I was lucky: I found a place that made a satisfying click when I set foot in it, and I knew.
It was April 30, 1982, I was living in Kansas City, MO at the time, and I had never been to Lawrence. In fact, the furthest west I had been was KCK (Kansas City, KS). With my friend Ira, I was heading toward the first Kansas Area Watershed Council gathering, just 15 miles west of Lawrence. Ira and I liked to talk, and at the time, we had some weeks of life details to catch up on, so trying to head out from Kansas City, we missed the exit to I-70. We went around the maze of highways to take another shot at the exit, but talking so fast and much, we missed it a second time…..and a third time. It turns out the fourth time was the charm.
“I want to stop in Lawrence on the way,” Ira told me. There was a great band playing in South Park, the fabled Tofu Teddy. So we did and we danced. It was relatively warm out, sunny, and the world felt light and easy. Then we were hungry, so: enchiladas. Then it was dark, and we decided to spend the night at a friend of a friend’s house, a bungalow in East Lawrence. There were a few extra bedrooms, and whoever owned it was out of town.
Climbing the stairs to the porch of that bungalow on that spring night, lilac, dirt, and wonder in the air, I felt the weight of a voice on my right shoulder. “This is your home for the rest of your life.” A click of recognition went through my body, and I slept soundly that night.
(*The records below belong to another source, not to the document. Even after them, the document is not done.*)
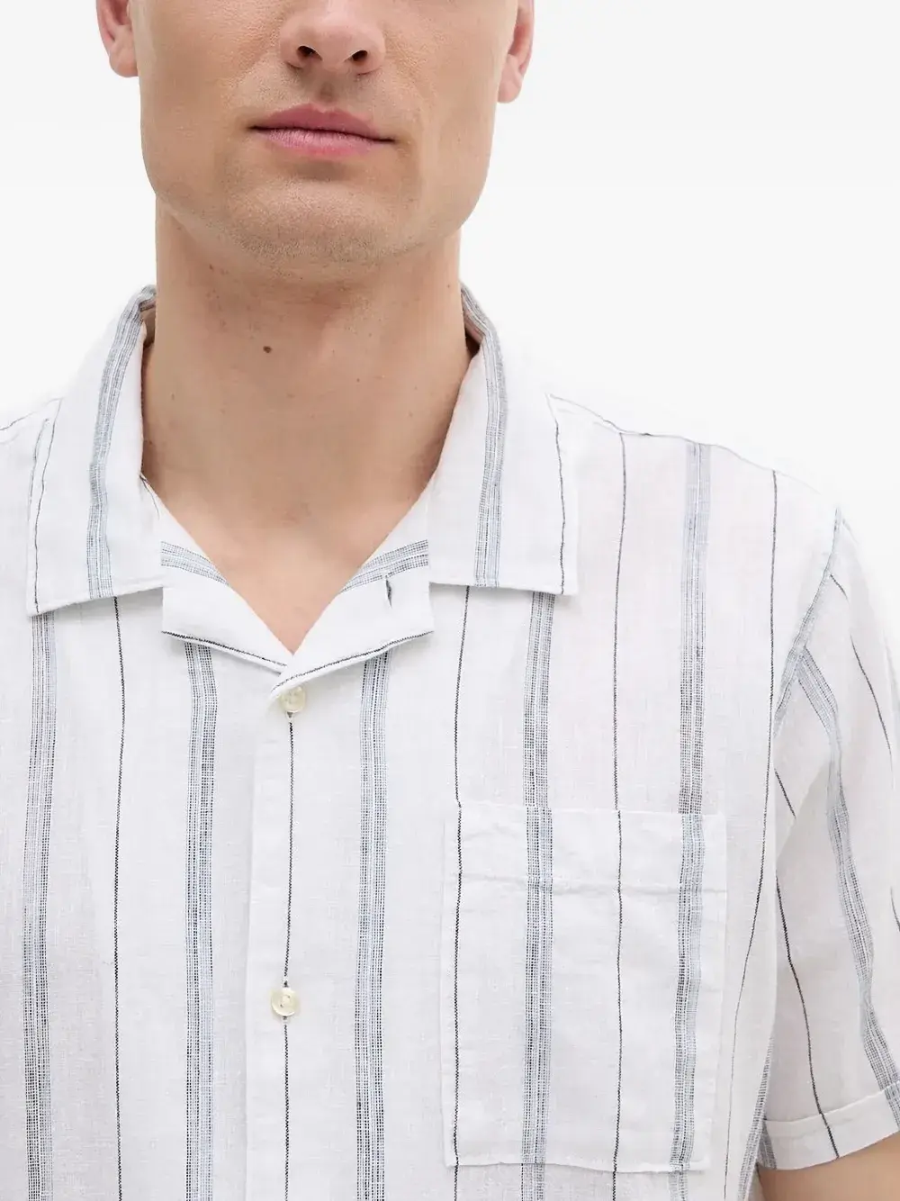 Белые вертикальные полосы, отложной воротник, короткие рукава, застежка на пуговицы спереди, короткие разрезы по бокам.
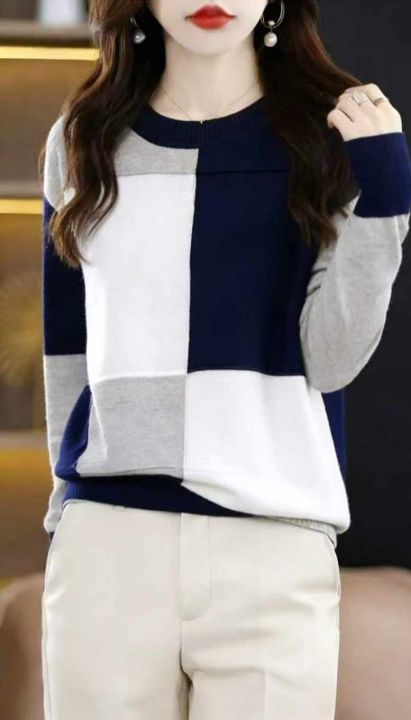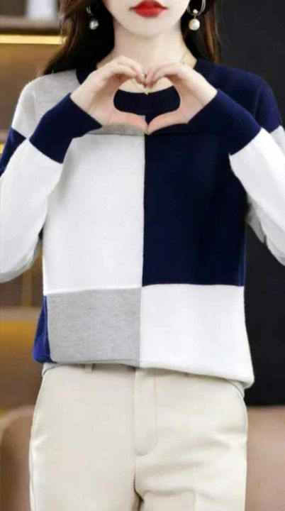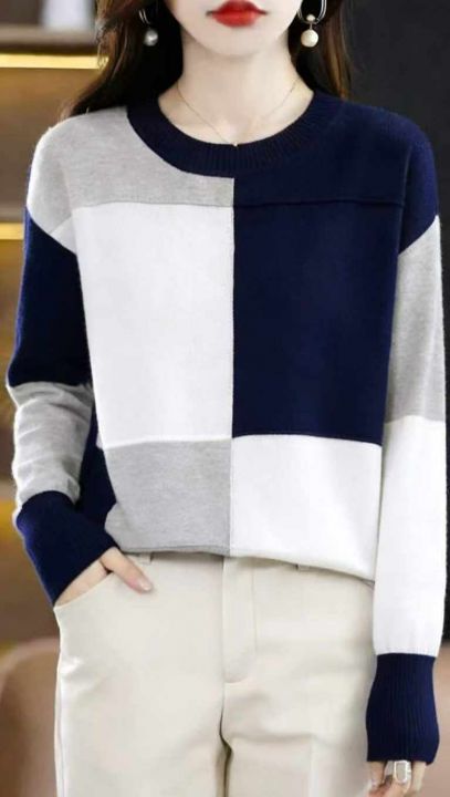 秋冬新款撞色拼接设计款宽松百搭轻熟女装圆领套头毛衣...
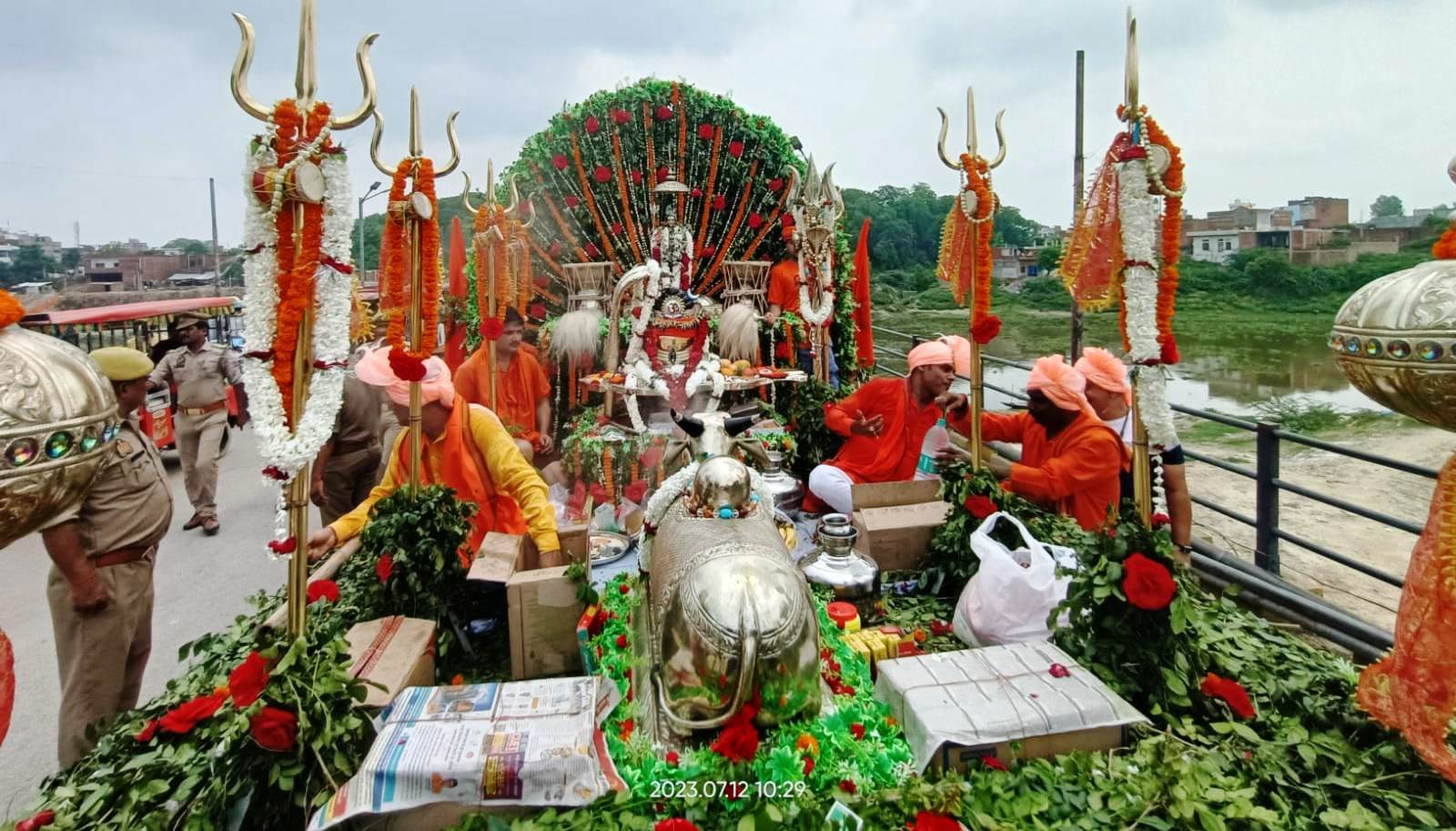 नगर पालिका अध्यक्ष के प्रतिनिधि डा. रामसूरत मौर्य ने नारियल फोड़कर यात्रा का आंरभ किया। शोभा यात्रा में हाथी घोड़ा, डीजे, शिव की झांकी, 12 ज्योर्तिलिंग की झांकी, मुख्य आकर्षण का केन्द्र रही। संघ के अध्यक्ष सुधीर कुमार साहू ने कहा कि श्रावण मास में पूरा वातावरण शिवमय हो जाता है। भगवान शिव भेले है जल्द भक्तों पर प्रसन्न हो जाते है। भेले नाथ के पूजन से राष्ट्र धर्म तथा समाज का भी कल्याण होता है। शोभा यात्रा नगर के मुख्य मार्गो से सद्भावना पुल, ओलन्दगंज, मैहर मन्दिर, पालिटेकनिक चौराहा, ओलन्दगंज, कोतवाली चौराहा होते हुए सुतहट्टी से भण्डारी स्टेशन पर फरक्का ट्रेन से हजारों की संख्या में भक्त रवाना हुए। इसमें बड़ी संख्या में पीेले परिधान पहने भक्त शामिल रहे।
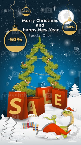 Специальное предложение Распродажная надпись в виде больших пакетов, стоящих на заснеженной поляне Змея выглядывает из-за шапки Санта-Клауса
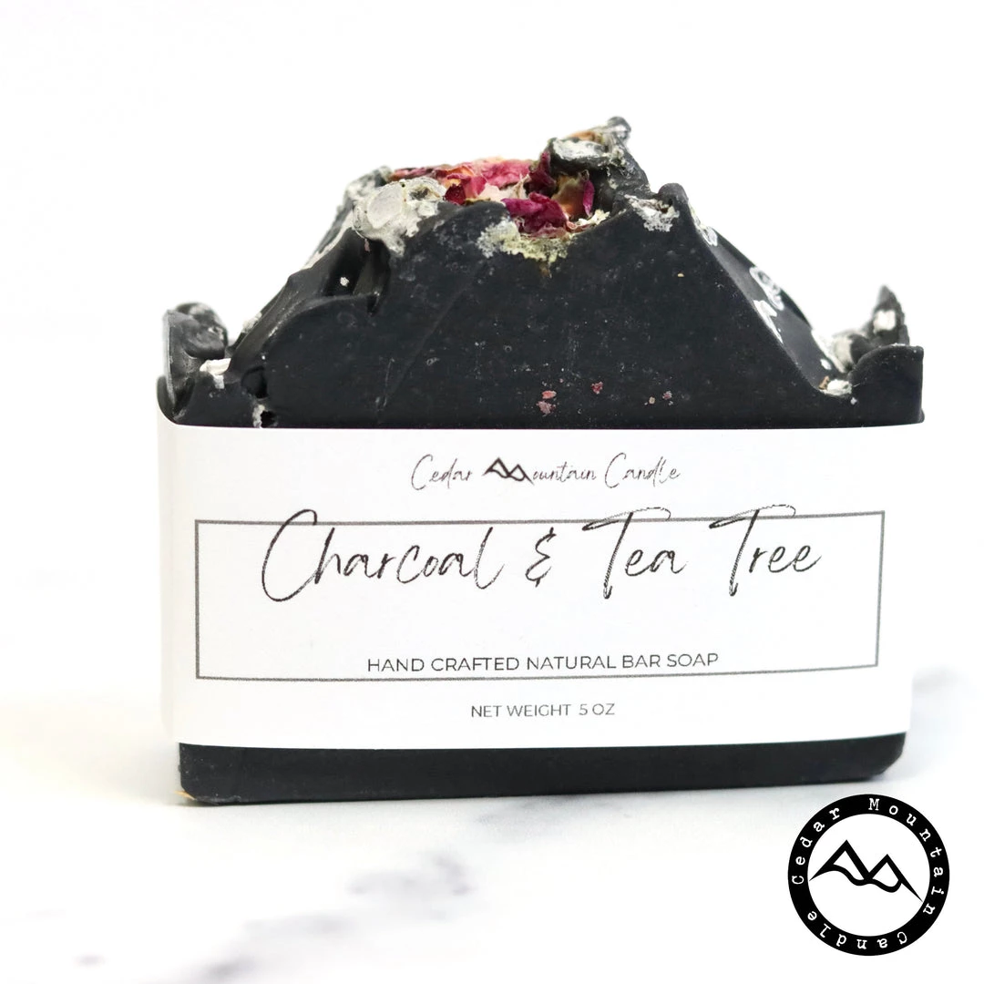 Charcoal and Tea Tree is a cold process soap made with activated charcoal and infused with tea tree in combination with nourishing oils like coconut oil and olive oil.Â

The next morning, we would get to KAW, where I met some of the people who became my best beloveds for life, including Ken, who became a good friend, then the love of my life.
I also fell hard for Kansas, and I’m still falling. Not just Lawrence, which of course I adore with all its artsy, activist you-can-make-anything-happen-here (but you might not get paid much for it) energy, but often-ignored corners and crannies of the state. Having roamed Kansas widely, as a visiting scholar for Kansas Humanities since 1992, and later, as a Kansas poet laureate — not to mention all the KAW Council campouts in caves and fields, sleeping bags unrolled under Cobra Rock before it collapsed or in Hutchinson living rooms — I’ve seen a lot of this place. But not nearly enough yet.
Put me on a long drive through the Flint Hills or even across the much-maligned Kansas chunk of I-70 going through ranges of hills and high, dry places where you can see 100 miles or more, and I’m a happy camper (sometimes literally). Serve me what surely feels like the official Kansas dinner of fried chicken, mashed potatoes, and corn, and I’m thrilled. Add some fresh apple pie, and what could be wrong with this ailing world?
I’m often enthralled with the communities I’ve dipped into even if they sometimes/often contain people who vote in ways that are incomprehensible to me. I have yet to spend time in any small Kansas town without glimpsing some wild quirks and beyond-any-stereotype humans. “Here’s the master key — just go through every room you want in the hotel and choose whatever you want,” the receptionist at the beautiful, vintage, and haunted (as I soon found out) Midland Railroad Hotel once told me (turned out the whole third floor was once a chicken coop that supplied dinners served on the first floor).
I can’t visit Pittsburg without discovering yet another bevy of poets, and I’m sure that town has has many poets per capita as any place in the world. I dig the leftover famous tree stumps in Council Grove and visionaries I’ve met in Garden City. I’ve encountered opera singers on the street, abstract painters who took over old bank buildings for studios, and I even stayed in a grain bin transformed into a bed and breakfast filled with kittens. I’m delighted with the infinity of birds that cross and roost in the flyway as well as all other other wilds ones I’ve seen — bobcats on rare occasion and wild turkeys and massive crows regularly, and once, even a cougar.
I love the expansiveness of this place, the big skies that felt and still feel like the perfect balm for my crowded mind, and after many years, 40 this spring, the exterior has infused the interior. My thoughts and thinking feel less compressed, frenzied, and way less tortured than when I first climbed the steps to that bungalow. I’m home here, and the thing about homecoming is that it’s a continual unfolding and practice, a life-long love affair with being where and who we are. Thank you, Kansas, and hey, Happy Kansas Day!